» Task instructions: Your task is to copy the data exactly while leaving out every picture.
[Data to examine — start]
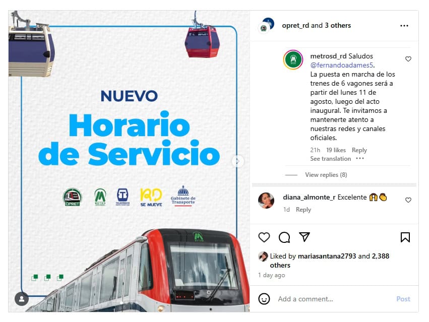 A partir del lunes 11 de agosto, el Metro de Santo Domingo comenzará a operar trenes de seis vagones como parte del plan de modernización y expansión del sistema, informó la Oficina para el Reordenamiento del Transporte (Opret) a través de sus redes sociales.
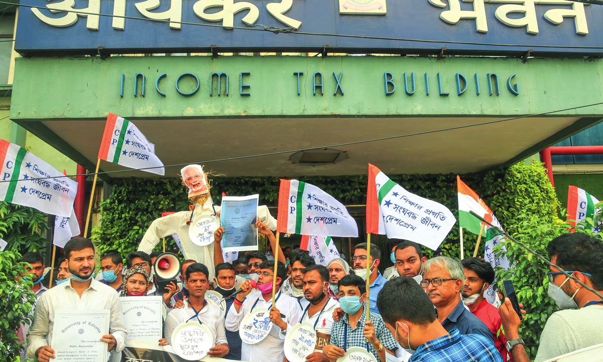 Youth Congress activists protest on the 70th birthday of Prime Minister Narendra Modi on National Unemployment Day at the front of the Income Tax Building in Kolkata, India on Thursday. These activists carried out a nationwide campaign by taking out protest marches and unfurling huge banners demanding jobs. Photo: AFP
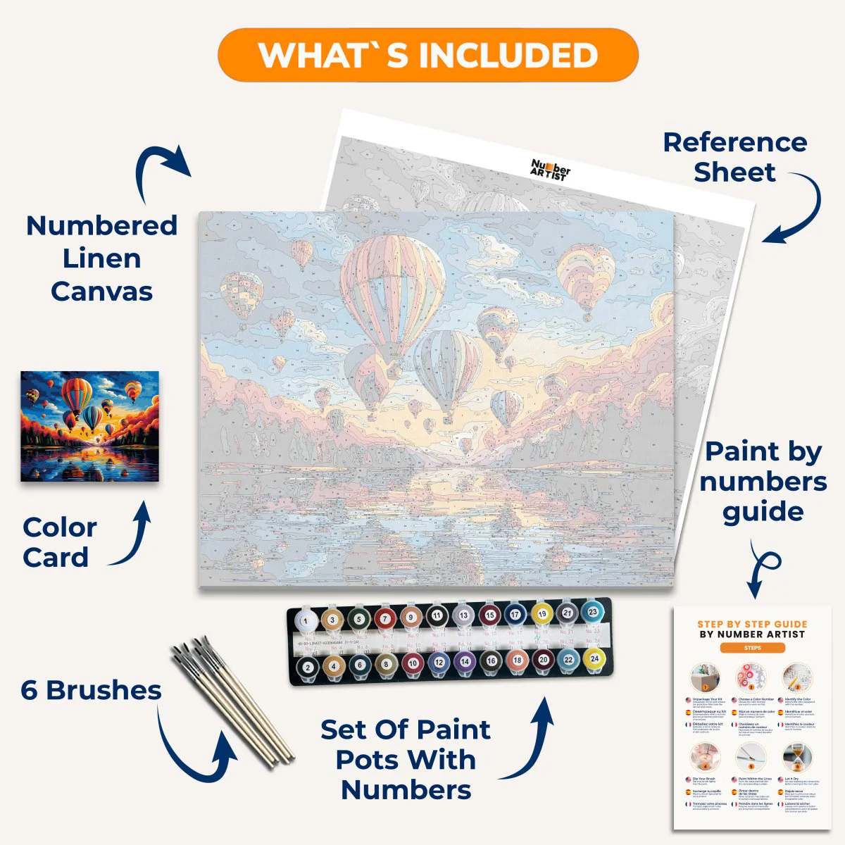 Paint a tranquil scene of flying balloons above a serene lake and lush woods with Sunset Ascension's paint by numbers kit. Let your mind unwind while creating a stunning sunset sky. Perfect for peaceful meditation, this kit adds a touch of whimsy to your painting experience.
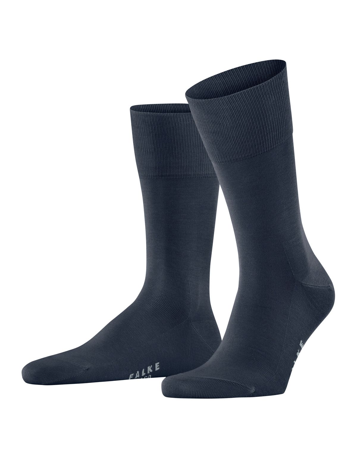 Мужские однотонные носки немецкого бренда FALKE из пряжи с шотландской нитью тёмно-синего насыщенного цвета.
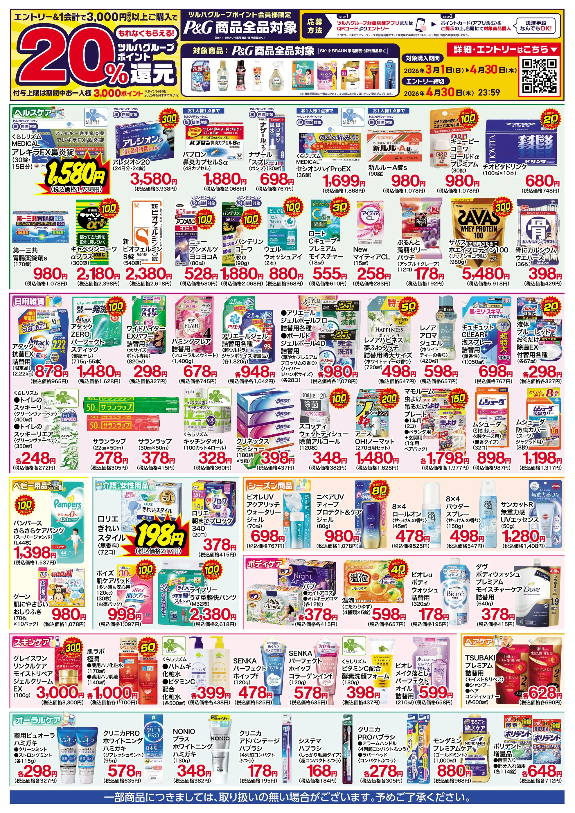 - 2026.3.1-2026.4.30【P&G】ツルハグループポイント20%還元キャンペーン3月1日~4月30日 (1枚)
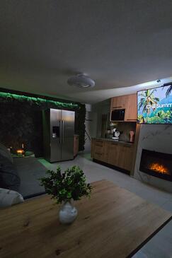 Ferienwohnung bietet Platz für 4 Gäste. Die Betten sind in Schlafzimmern, die es 1 gibt, und in Wohnzimmer, innerhalb einer Gesamtfläche von 47m2, angeordnet. Die Gäste haben eine eigene Terrasse zur Verfügung, auf der sie in warmen Sommernächten genießen können. Das Apartment bietet Meerblick. Es ist erlaubt, Speisen auf dem Gemeinschafts-Grill vorzubereiten.
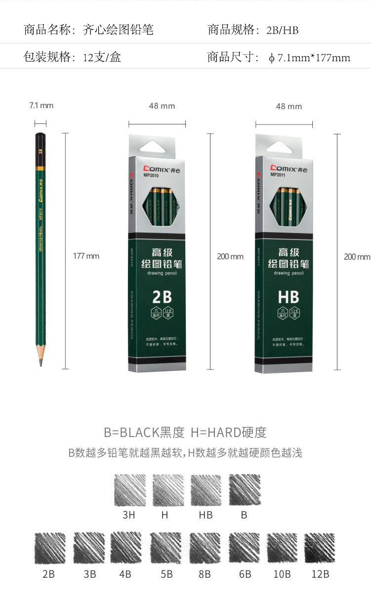 商品名称:齐心(COMIX)MP2011 高级绘图铅笔 HB 12支每SET(24盒/箱)
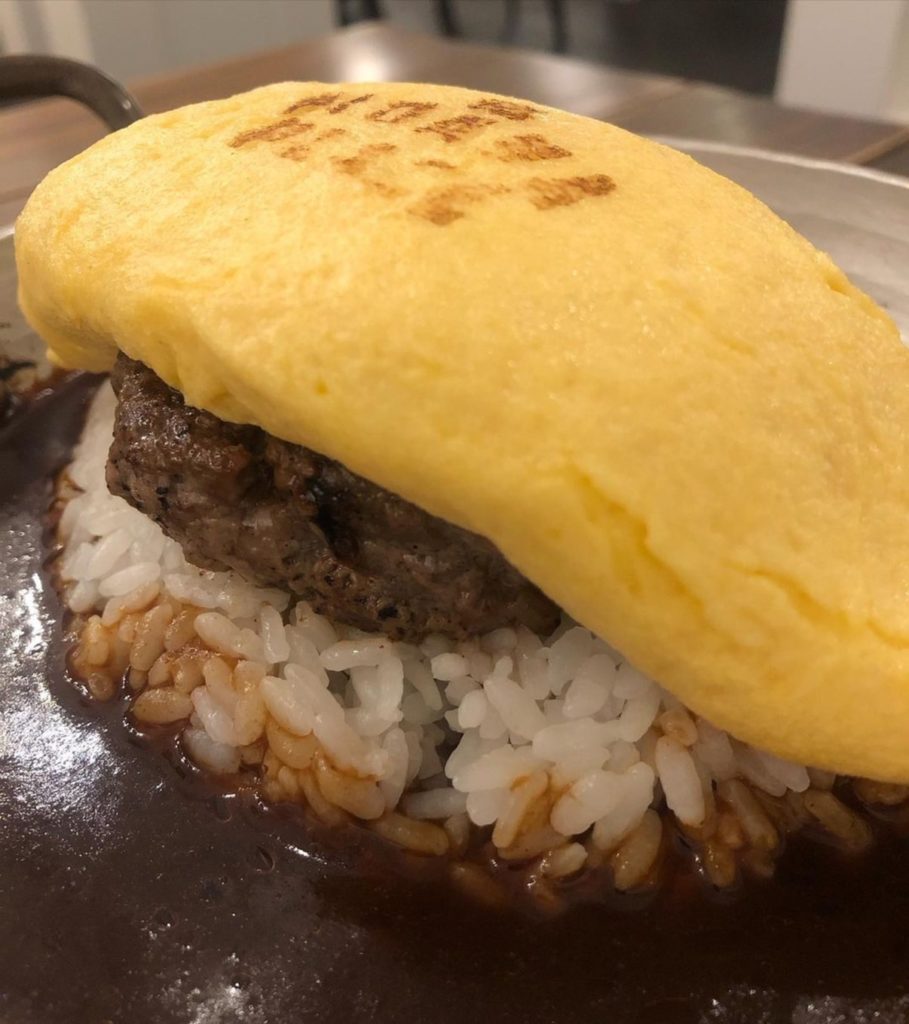 ガッツリのハンバーグにとろとろオムレツが乗っかってボリューム満点の一皿!
[Data to examine — finish]
» Result for this task:
 A partir del lunes 11 de agosto, el Metro de Santo Domingo comenzará a operar trenes de seis vagones como parte del plan de modernización y expansión del sistema, informó la Oficina para el Reordenamiento del Transporte (Opret) a través de sus redes sociales.
 Youth Congress activists protest on the 70th birthday of Prime Minister Narendra Modi on National Unemployment Day at the front of the Income Tax Building in Kolkata, India on Thursday. These activists carried out a nationwide campaign by taking out protest marches and unfurling huge banners demanding jobs. Photo: AFP
 Paint a tranquil scene of flying balloons above a serene lake and lush woods with Sunset Ascension's paint by numbers kit. Let your mind unwind while creating a stunning sunset sky. Perfect for peaceful meditation, this kit adds a touch of whimsy to your painting experience.
 Мужские однотонные носки немецкого бренда FALKE из пряжи с шотландской нитью тёмно-синего насыщенного цвета.
 - 2026.3.1-2026.4.30【P&G】ツルハグループポイント20%還元キャンペーン3月1日~4月30日 (1枚)
 Ferienwohnung bietet Platz für 4 Gäste. Die Betten sind in Schlafzimmern, die es 1 gibt, und in Wohnzimmer, innerhalb einer Gesamtfläche von 47m2, angeordnet. Die Gäste haben eine eigene Terrasse zur Verfügung, auf der sie in warmen Sommernächten genießen können. Das Apartment bietet Meerblick. Es ist erlaubt, Speisen auf dem Gemeinschafts-Grill vorzubereiten.
 商品名称:齐心(COMIX)MP2011 高级绘图铅笔 HB 12支每SET(24盒/箱)
 ガッツリのハンバーグにとろとろオムレツが乗っかってボリューム満点の一皿!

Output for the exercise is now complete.